Trump told countries dependent on Hormuz oil that they should either buy American oil or “build up some delayed courage” and protect the strait themselves:
“Go to the strait and just take it, protect it, use it for yourselves.”
Venezuela: A Brief but Significant Mention
Trump included a passing reference to what he described as a recent U.S. military operation in Venezuela:
“I also want to thank our troops for the masterful job they did in taking the country of Venezuela in a matter of minutes. That hit was quick, lethal, violent, and respected by everyone all over the world.”
He described the U.S. and Venezuela as now being “joint venture partners” in oil production, citing Venezuela’s reserves as “the second largest on earth after the United States of America.”

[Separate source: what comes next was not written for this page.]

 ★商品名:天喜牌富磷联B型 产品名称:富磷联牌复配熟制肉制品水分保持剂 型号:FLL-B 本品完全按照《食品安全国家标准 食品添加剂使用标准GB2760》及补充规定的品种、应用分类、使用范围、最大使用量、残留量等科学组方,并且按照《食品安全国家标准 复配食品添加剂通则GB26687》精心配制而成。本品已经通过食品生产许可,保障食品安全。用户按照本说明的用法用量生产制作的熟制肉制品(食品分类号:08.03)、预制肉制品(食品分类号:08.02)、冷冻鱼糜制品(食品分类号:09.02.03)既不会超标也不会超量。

[!NOTE] Venezuela’s oil reserves: Venezuela has among the largest proven crude oil reserves in the world. The country has long been a point of geopolitical tension, with successive U.S. administrations imposing sanctions on the Maduro government. Trump’s characterization of U.S.-Venezuela relations as a “joint venture” in oil production represents a significant — and largely unexplained — shift in policy.
Economic Claims
Trump made several economic claims during the address:
- The U.S. has produced “over $18 trillion” in record-setting investment in one year
- The stock market has hit 53 all-time record highs in one year
- The U.S. produces “more oil and gas than Saudi Arabia and Russia combined”

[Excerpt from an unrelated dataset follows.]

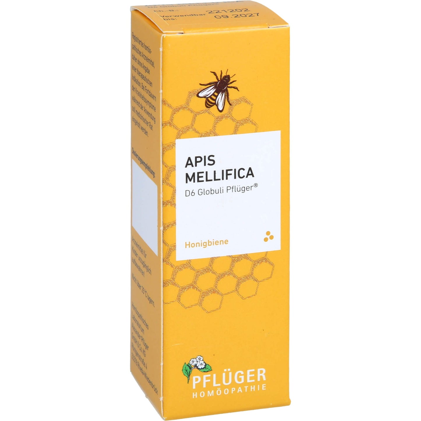 Apis mellifica D6 Globuli Pflüger®, Composition: 10 g of globules contain: Active ingredient: Apis mellifica Dil. D6 0.1 g. Other ingredient: Sucrose. Registered homeopathic medicinal product, therefore no therapeutic indication is specified. Contraindications/Side effects: None known. Contains sucrose. Consult the package insert. For risks and side effects, read the package insert and ask your doctor or pharmacist.

- Inflation is at zero (“no inflation”)
- Tax cuts from the “Great Big, Beautiful Bill” are generating larger-than-expected tax refunds
He acknowledged that stock prices had “come down a little bit” but said they had “had some very good days over the last couple of days” and predicted a rapid recovery once the Iran conflict concludes.
Allies Thanked
Trump thanked the following Middle Eastern allies for their support during the operation:
- Israel
- Saudi Arabia
- Qatar
- UAE (United Arab Emirates)
- Kuwait
- Bahrain
He pledged: “We will not let them get hurt or fail in any way, shape or form.”
Closing
Trump closed with a forward-looking message, predicting that when the conflict ends, “the United States will be safer, stronger, more prosperous, and greater than it has ever been before.”
“Tonight, every American can look forward to a day when we are finally free from the wickedness of Iranian aggression and the specter of nuclear blackmail.”
Source
Trump, Donald J. “Remarks: Donald Trump Delivers a Prime Time Address on Iran.” Factbase, 1 Apr. 2026, factba.se. Transcript.